Each line of the records has to be copied exactly, though the pictures must be left out.

=== Information shown ===

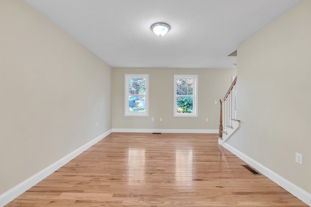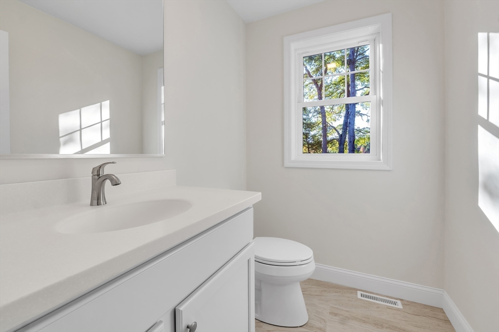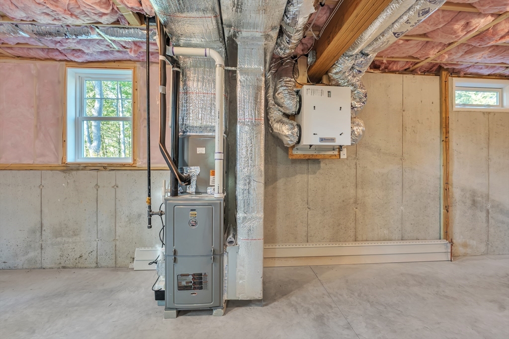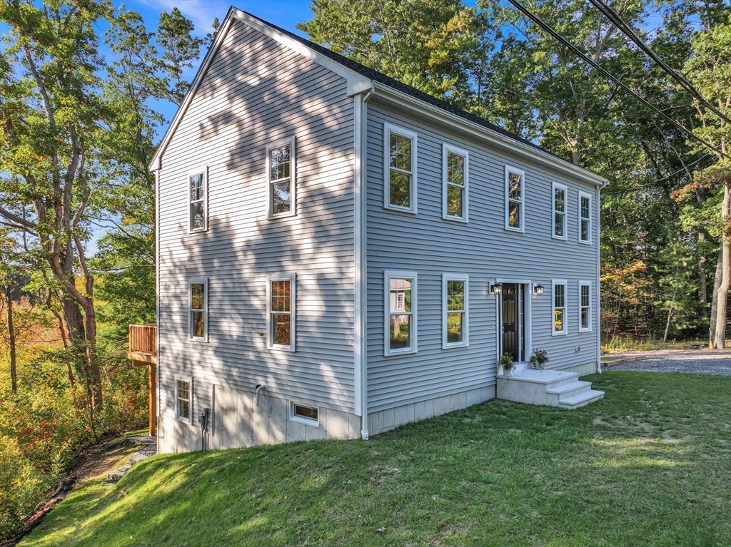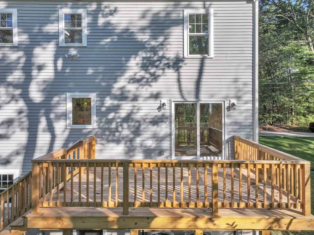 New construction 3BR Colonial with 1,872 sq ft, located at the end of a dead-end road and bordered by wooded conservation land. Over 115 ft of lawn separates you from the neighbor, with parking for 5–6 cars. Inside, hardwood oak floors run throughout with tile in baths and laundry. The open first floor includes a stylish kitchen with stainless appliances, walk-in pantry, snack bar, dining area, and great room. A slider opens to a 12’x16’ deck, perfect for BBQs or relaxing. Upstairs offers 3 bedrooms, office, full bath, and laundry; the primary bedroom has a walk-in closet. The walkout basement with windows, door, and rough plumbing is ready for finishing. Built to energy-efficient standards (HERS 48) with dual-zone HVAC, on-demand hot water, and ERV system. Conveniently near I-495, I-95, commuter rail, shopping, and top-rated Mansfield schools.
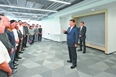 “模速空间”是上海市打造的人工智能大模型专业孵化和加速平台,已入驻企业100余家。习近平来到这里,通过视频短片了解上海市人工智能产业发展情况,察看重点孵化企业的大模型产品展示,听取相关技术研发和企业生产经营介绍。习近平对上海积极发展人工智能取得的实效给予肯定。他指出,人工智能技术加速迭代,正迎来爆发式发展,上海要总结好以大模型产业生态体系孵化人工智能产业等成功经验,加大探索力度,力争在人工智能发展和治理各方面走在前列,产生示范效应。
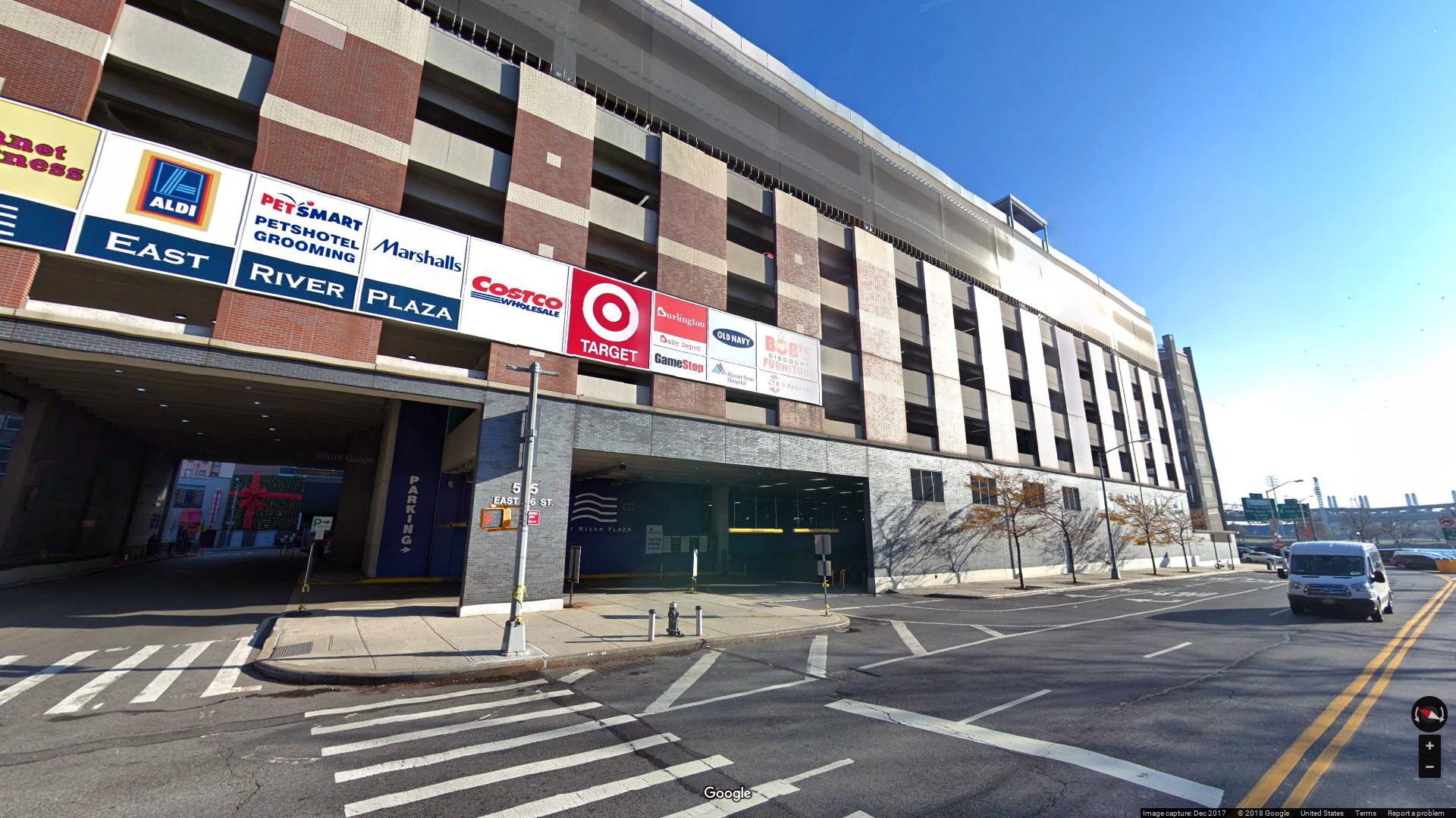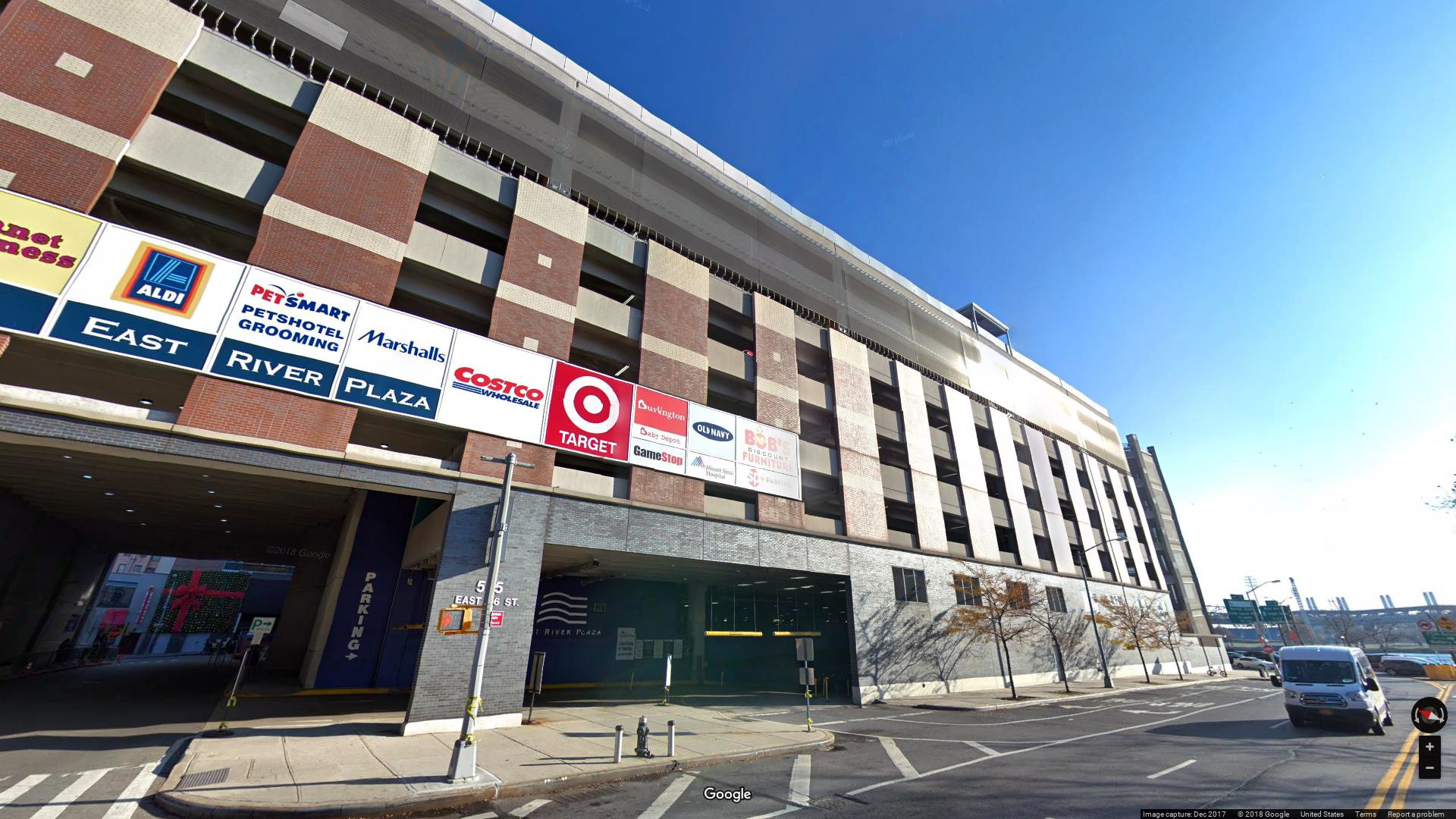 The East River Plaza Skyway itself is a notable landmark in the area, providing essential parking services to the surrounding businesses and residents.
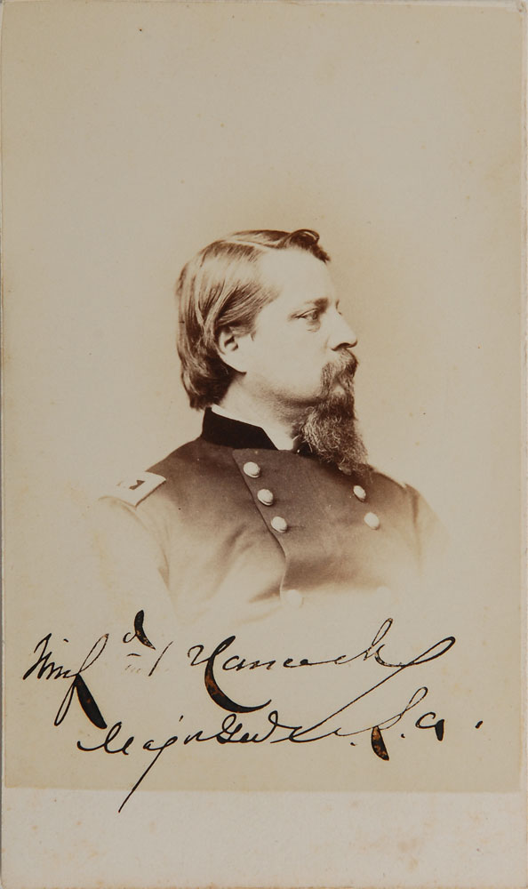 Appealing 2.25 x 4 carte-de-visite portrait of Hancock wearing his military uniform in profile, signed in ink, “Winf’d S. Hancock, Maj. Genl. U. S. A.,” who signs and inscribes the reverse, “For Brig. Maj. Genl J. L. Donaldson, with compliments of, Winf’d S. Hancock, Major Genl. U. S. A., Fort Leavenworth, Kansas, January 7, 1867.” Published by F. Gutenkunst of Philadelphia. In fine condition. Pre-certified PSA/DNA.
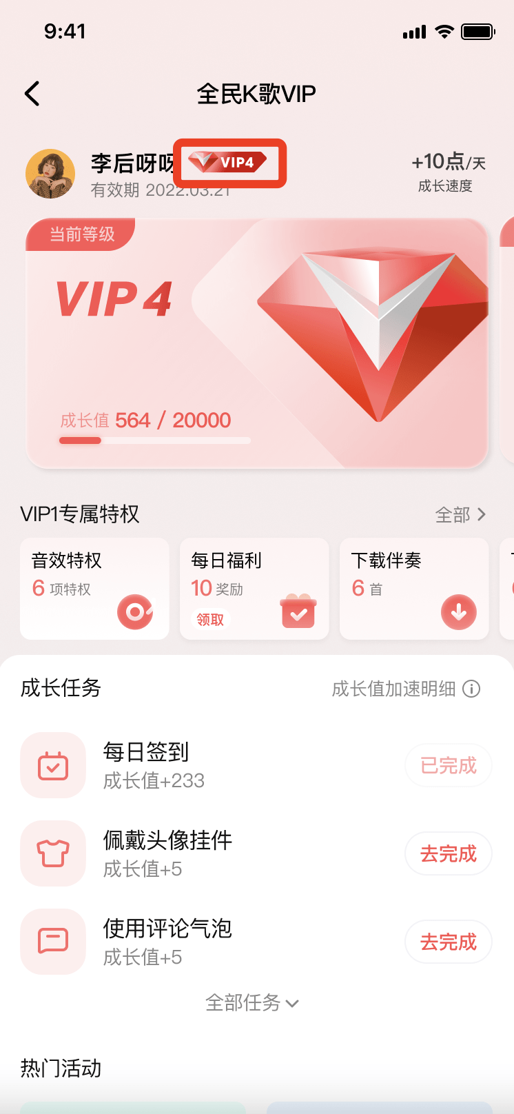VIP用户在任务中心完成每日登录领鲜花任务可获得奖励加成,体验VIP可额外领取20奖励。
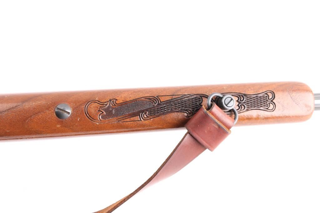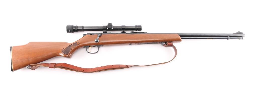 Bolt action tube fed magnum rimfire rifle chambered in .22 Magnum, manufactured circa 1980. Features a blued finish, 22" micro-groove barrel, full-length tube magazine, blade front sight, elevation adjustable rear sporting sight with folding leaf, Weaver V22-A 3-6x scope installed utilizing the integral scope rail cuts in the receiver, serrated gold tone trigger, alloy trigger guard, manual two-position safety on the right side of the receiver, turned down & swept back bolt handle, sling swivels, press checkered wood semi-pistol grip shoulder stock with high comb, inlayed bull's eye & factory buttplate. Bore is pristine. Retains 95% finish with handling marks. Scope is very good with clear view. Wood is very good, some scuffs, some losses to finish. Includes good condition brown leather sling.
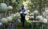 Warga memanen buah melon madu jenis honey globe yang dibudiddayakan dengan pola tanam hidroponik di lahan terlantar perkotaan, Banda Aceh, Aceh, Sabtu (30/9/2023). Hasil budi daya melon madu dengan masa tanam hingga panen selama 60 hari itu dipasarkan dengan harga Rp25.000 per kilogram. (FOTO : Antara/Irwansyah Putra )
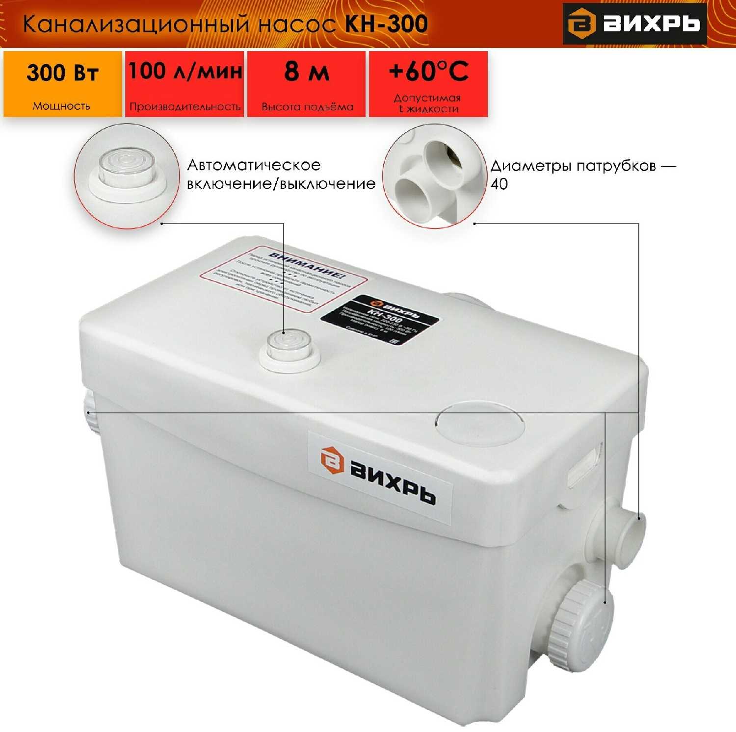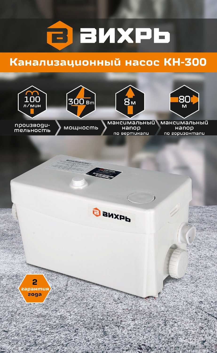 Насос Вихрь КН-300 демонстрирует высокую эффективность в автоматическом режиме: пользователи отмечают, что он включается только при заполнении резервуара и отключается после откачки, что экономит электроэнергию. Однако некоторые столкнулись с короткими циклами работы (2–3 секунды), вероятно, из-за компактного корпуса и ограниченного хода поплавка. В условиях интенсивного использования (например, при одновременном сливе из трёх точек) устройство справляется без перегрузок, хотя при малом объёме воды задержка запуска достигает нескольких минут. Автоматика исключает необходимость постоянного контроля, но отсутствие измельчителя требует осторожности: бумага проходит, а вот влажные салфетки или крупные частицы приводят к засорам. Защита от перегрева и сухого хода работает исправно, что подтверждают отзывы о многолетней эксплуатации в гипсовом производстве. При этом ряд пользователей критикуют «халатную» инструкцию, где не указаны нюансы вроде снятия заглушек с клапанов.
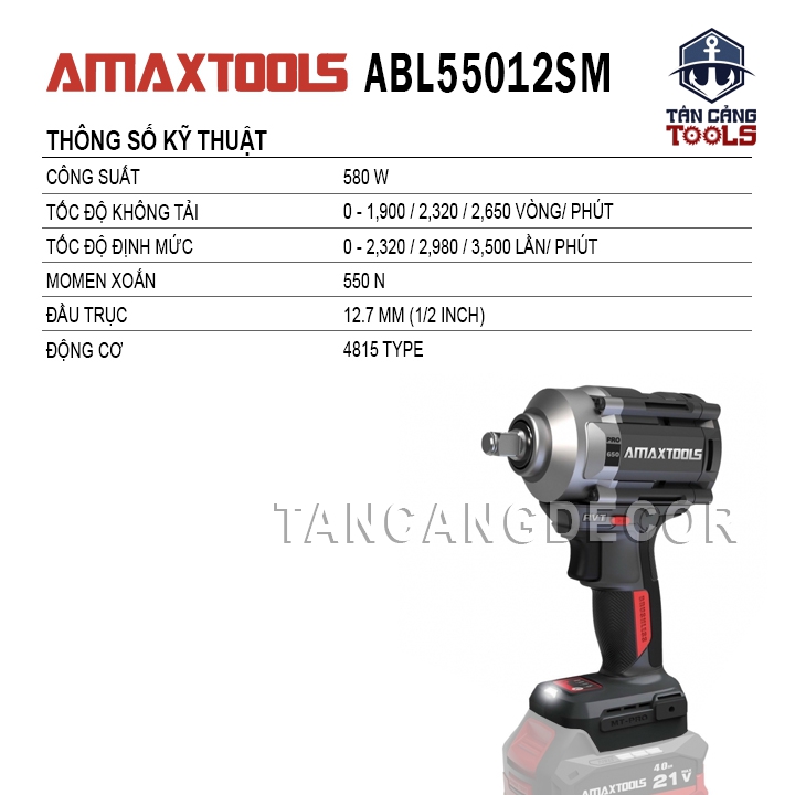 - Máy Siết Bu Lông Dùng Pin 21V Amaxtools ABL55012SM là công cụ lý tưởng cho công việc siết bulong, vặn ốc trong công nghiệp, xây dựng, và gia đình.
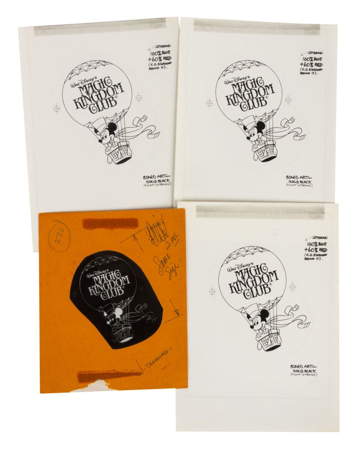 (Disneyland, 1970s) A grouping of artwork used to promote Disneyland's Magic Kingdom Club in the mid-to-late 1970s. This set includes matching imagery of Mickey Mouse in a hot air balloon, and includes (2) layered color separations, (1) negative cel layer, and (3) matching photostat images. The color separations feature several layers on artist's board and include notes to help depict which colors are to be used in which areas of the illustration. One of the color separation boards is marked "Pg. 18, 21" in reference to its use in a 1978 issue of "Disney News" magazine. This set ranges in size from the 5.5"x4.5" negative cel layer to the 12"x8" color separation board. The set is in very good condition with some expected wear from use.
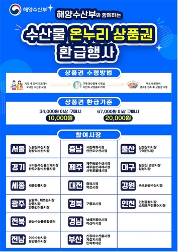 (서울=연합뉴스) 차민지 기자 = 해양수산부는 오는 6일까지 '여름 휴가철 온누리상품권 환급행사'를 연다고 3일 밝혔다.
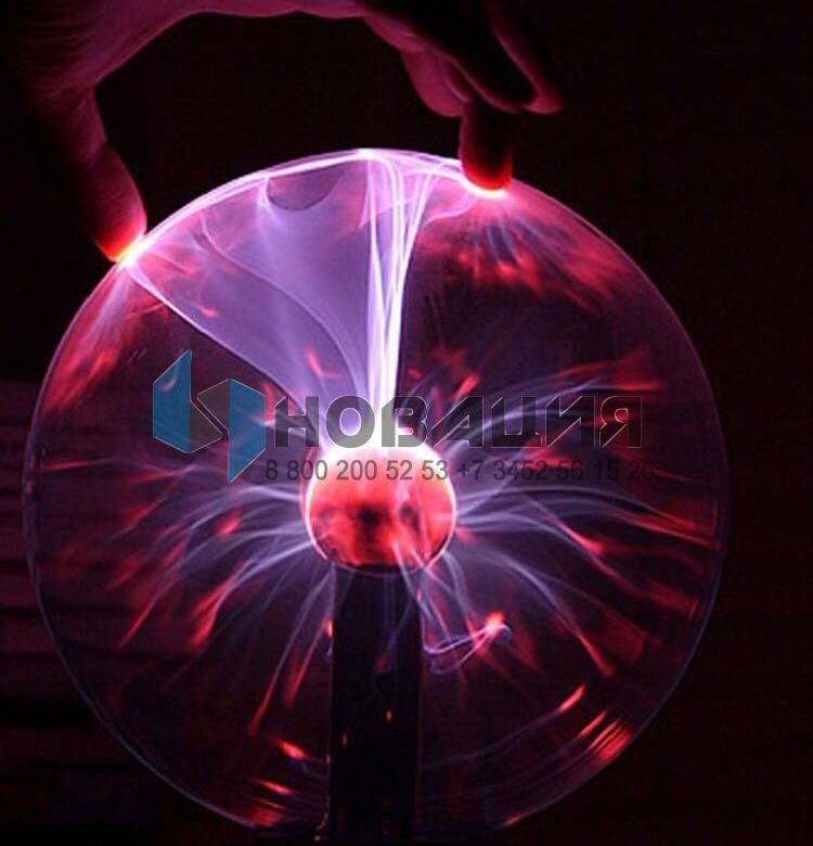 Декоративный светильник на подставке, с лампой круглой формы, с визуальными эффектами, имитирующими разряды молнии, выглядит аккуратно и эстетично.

===

Response below -
 New construction 3BR Colonial with 1,872 sq ft, located at the end of a dead-end road and bordered by wooded conservation land. Over 115 ft of lawn separates you from the neighbor, with parking for 5–6 cars. Inside, hardwood oak floors run throughout with tile in baths and laundry. The open first floor includes a stylish kitchen with stainless appliances, walk-in pantry, snack bar, dining area, and great room. A slider opens to a 12’x16’ deck, perfect for BBQs or relaxing. Upstairs offers 3 bedrooms, office, full bath, and laundry; the primary bedroom has a walk-in closet. The walkout basement with windows, door, and rough plumbing is ready for finishing. Built to energy-efficient standards (HERS 48) with dual-zone HVAC, on-demand hot water, and ERV system. Conveniently near I-495, I-95, commuter rail, shopping, and top-rated Mansfield schools.
 “模速空间”是上海市打造的人工智能大模型专业孵化和加速平台,已入驻企业100余家。习近平来到这里,通过视频短片了解上海市人工智能产业发展情况,察看重点孵化企业的大模型产品展示,听取相关技术研发和企业生产经营介绍。习近平对上海积极发展人工智能取得的实效给予肯定。他指出,人工智能技术加速迭代,正迎来爆发式发展,上海要总结好以大模型产业生态体系孵化人工智能产业等成功经验,加大探索力度,力争在人工智能发展和治理各方面走在前列,产生示范效应。
 The East River Plaza Skyway itself is a notable landmark in the area, providing essential parking services to the surrounding businesses and residents.
 Appealing 2.25 x 4 carte-de-visite portrait of Hancock wearing his military uniform in profile, signed in ink, “Winf’d S. Hancock, Maj. Genl. U. S. A.,” who signs and inscribes the reverse, “For Brig. Maj. Genl J. L. Donaldson, with compliments of, Winf’d S. Hancock, Major Genl. U. S. A., Fort Leavenworth, Kansas, January 7, 1867.” Published by F. Gutenkunst of Philadelphia. In fine condition. Pre-certified PSA/DNA.
VIP用户在任务中心完成每日登录领鲜花任务可获得奖励加成,体验VIP可额外领取20奖励。
 Bolt action tube fed magnum rimfire rifle chambered in .22 Magnum, manufactured circa 1980. Features a blued finish, 22" micro-groove barrel, full-length tube magazine, blade front sight, elevation adjustable rear sporting sight with folding leaf, Weaver V22-A 3-6x scope installed utilizing the integral scope rail cuts in the receiver, serrated gold tone trigger, alloy trigger guard, manual two-position safety on the right side of the receiver, turned down & swept back bolt handle, sling swivels, press checkered wood semi-pistol grip shoulder stock with high comb, inlayed bull's eye & factory buttplate. Bore is pristine. Retains 95% finish with handling marks. Scope is very good with clear view. Wood is very good, some scuffs, some losses to finish. Includes good condition brown leather sling.
 Warga memanen buah melon madu jenis honey globe yang dibudiddayakan dengan pola tanam hidroponik di lahan terlantar perkotaan, Banda Aceh, Aceh, Sabtu (30/9/2023). Hasil budi daya melon madu dengan masa tanam hingga panen selama 60 hari itu dipasarkan dengan harga Rp25.000 per kilogram. (FOTO : Antara/Irwansyah Putra )
 Насос Вихрь КН-300 демонстрирует высокую эффективность в автоматическом режиме: пользователи отмечают, что он включается только при заполнении резервуара и отключается после откачки, что экономит электроэнергию. Однако некоторые столкнулись с короткими циклами работы (2–3 секунды), вероятно, из-за компактного корпуса и ограниченного хода поплавка. В условиях интенсивного использования (например, при одновременном сливе из трёх точек) устройство справляется без перегрузок, хотя при малом объёме воды задержка запуска достигает нескольких минут. Автоматика исключает необходимость постоянного контроля, но отсутствие измельчителя требует осторожности: бумага проходит, а вот влажные салфетки или крупные частицы приводят к засорам. Защита от перегрева и сухого хода работает исправно, что подтверждают отзывы о многолетней эксплуатации в гипсовом производстве. При этом ряд пользователей критикуют «халатную» инструкцию, где не указаны нюансы вроде снятия заглушек с клапанов.
 - Máy Siết Bu Lông Dùng Pin 21V Amaxtools ABL55012SM là công cụ lý tưởng cho công việc siết bulong, vặn ốc trong công nghiệp, xây dựng, và gia đình.
 (Disneyland, 1970s) A grouping of artwork used to promote Disneyland's Magic Kingdom Club in the mid-to-late 1970s. This set includes matching imagery of Mickey Mouse in a hot air balloon, and includes (2) layered color separations, (1) negative cel layer, and (3) matching photostat images. The color separations feature several layers on artist's board and include notes to help depict which colors are to be used in which areas of the illustration. One of the color separation boards is marked "Pg. 18, 21" in reference to its use in a 1978 issue of "Disney News" magazine. This set ranges in size from the 5.5"x4.5" negative cel layer to the 12"x8" color separation board. The set is in very good condition with some expected wear from use.
 (서울=연합뉴스) 차민지 기자 = 해양수산부는 오는 6일까지 '여름 휴가철 온누리상품권 환급행사'를 연다고 3일 밝혔다.
 Декоративный светильник на подставке, с лампой круглой формы, с визуальными эффектами, имитирующими разряды молнии, выглядит аккуратно и эстетично.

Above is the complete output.